Public officials from the United States government and the World Health Organization met in Washington, D.C., on Wednesday to discuss the recent findings contained in the WHO’s newly released Global Tuberculosis Report 2012.
New research on TB indicates that the next few years will be critical in determining the progress of global eradication efforts. The report maintains that TB imposes an enormous burden on global health, citing the existence of an estimated 8.7 million new cases in 2011, 13 percent of which are co-infected with HIV.
The progress made in the fight against TB has been substantial, the WHO asserts. Access to healthcare has expanded substantially since the 1990s, when WHO launched a global strategy and began efforts to systematically monitor the spread of the contagious and often fatal illness. In the last 17 years, 51 million people have been cured worldwide. Since 1990, TB mortality rates have declined by 41 percent.
Dr. Kenneth Castro of the U.S. Centers for Disease Control and Prevention said that it is important to remain focused on the challenges that have yet to be overcome.
“This is not the time for a premature declaration of victory,” Castro said. “Fifty-one million cures, 20 million lives saved is great, but not enough.”
Dr. Anthony Fauci, the director of the U.S. National Institute of Allergy and Infectious Diseases, referred to the latest WHO report as a “mix of good news and less good news.”
Fauci said that despite significant advances, overall progress against TB is currently “too slow to consider elimination in this century.” The director is particularly concerned with the growth of multidrug-resistant TB, saying it threatened overall control efforts. The WHO estimates that only 60,000 MDR-TB cases are currently being treated, despite estimates that nearly 310,000 MDR-TB cases exist.

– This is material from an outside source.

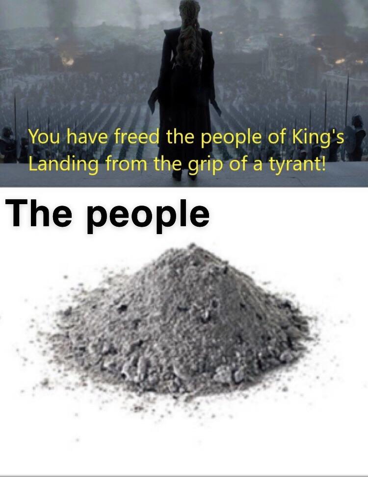 Dany ging dark en moest dus gestopt worden. Het was eigenlijk de laatste cliff hanger: wie zou de trekker overhalen? Het werd Jon, en eigenlijk op een heel cliche manier, tijdens een omhelzing. De happy ever after die volgde, met Bran op de troon, had ook niet het gewicht waar we op hoopten, al is de boel waarschijnlijk wel in goede handen zo. Tyrion Hand of the King, en geen psychopaat als koning.
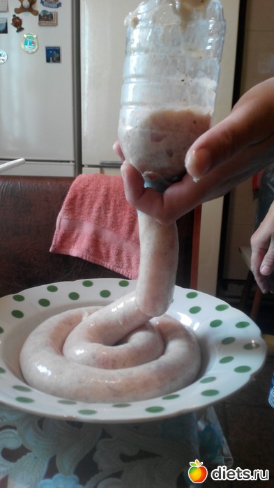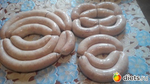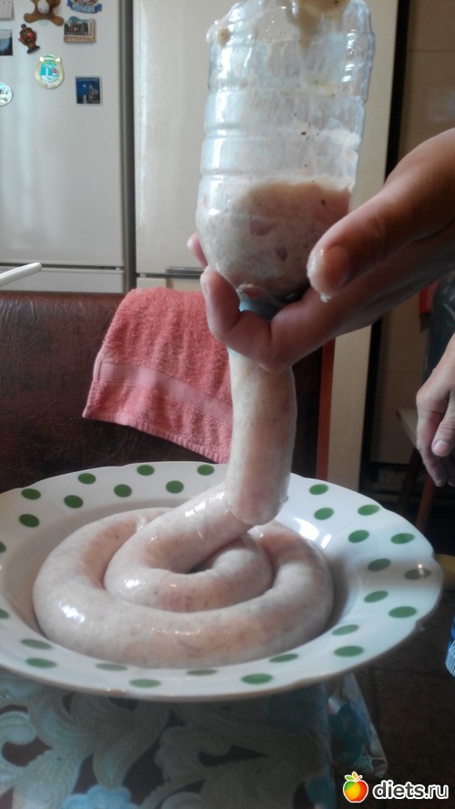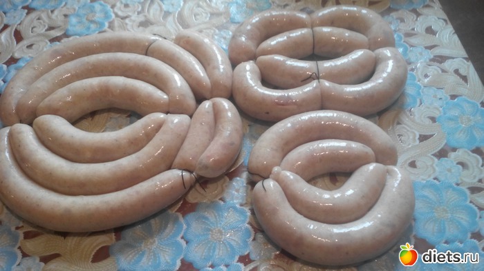 А то мне тоже дали кишки и собираюсь сделать.Хотела курино-говяжие правда.Но если сливки добавить наверное не сухо получается?

The outcome of anti-TB efforts, according to the WHO, could hinge on critical funding gaps for care and control, as well as on aid in the development and introduction of new treatments. The report pinpoints the need for $3 billion annually to sustain recent gains and make further progress in at least 35 low-income countries.
“On the one hand we have existing as well as new tools on the horizon which could make a significant difference and even support dreams of elimination (of TB) in some regions,” Dr. Mario Raviglione, the director of the WHO’s Stop TB Department, said. “On the other hand, we are at the risk of stagnation if additional resources are not urgently mobilized by the governments of affected countries and the international community.”
Fauci agreed with Raviglione’s assessment that TB is a global problem that requires a global solution.
“Not addressing this is just not an option,” Fauci said. “We are a global society – we really have a moral obligation to address this problem. It’s something that we just can’t walk away from…It is going to be a tough sell, but you are talking about lives that you can absolutely predict will be lost.”
Several vaccines are currently in trials, with at least one promising candidate reaching a Phase 2b infant study.
“As the WHO report has highlighted, TB remains a major global threat to public health with escalating drug resistance an increasing concern,” Dr. Jacqui Shea, the general manager of the Oxford-Emergent Tuberculosis Consortium, a joint venture between Emergent BioSolutions and the University of Oxford, said. “The TB community agrees that there is an urgent need for new TB vaccines to control this epidemic. OETC and its partners – Aeras, The Wellcome Trust, and the South African Tuberculosis Vaccine Initiative – are eagerly anticipating results from our Phase 2b infant study in early 2013 that would hopefully bring us closer to achieving our unified goal of having new safe and effective TB vaccines.”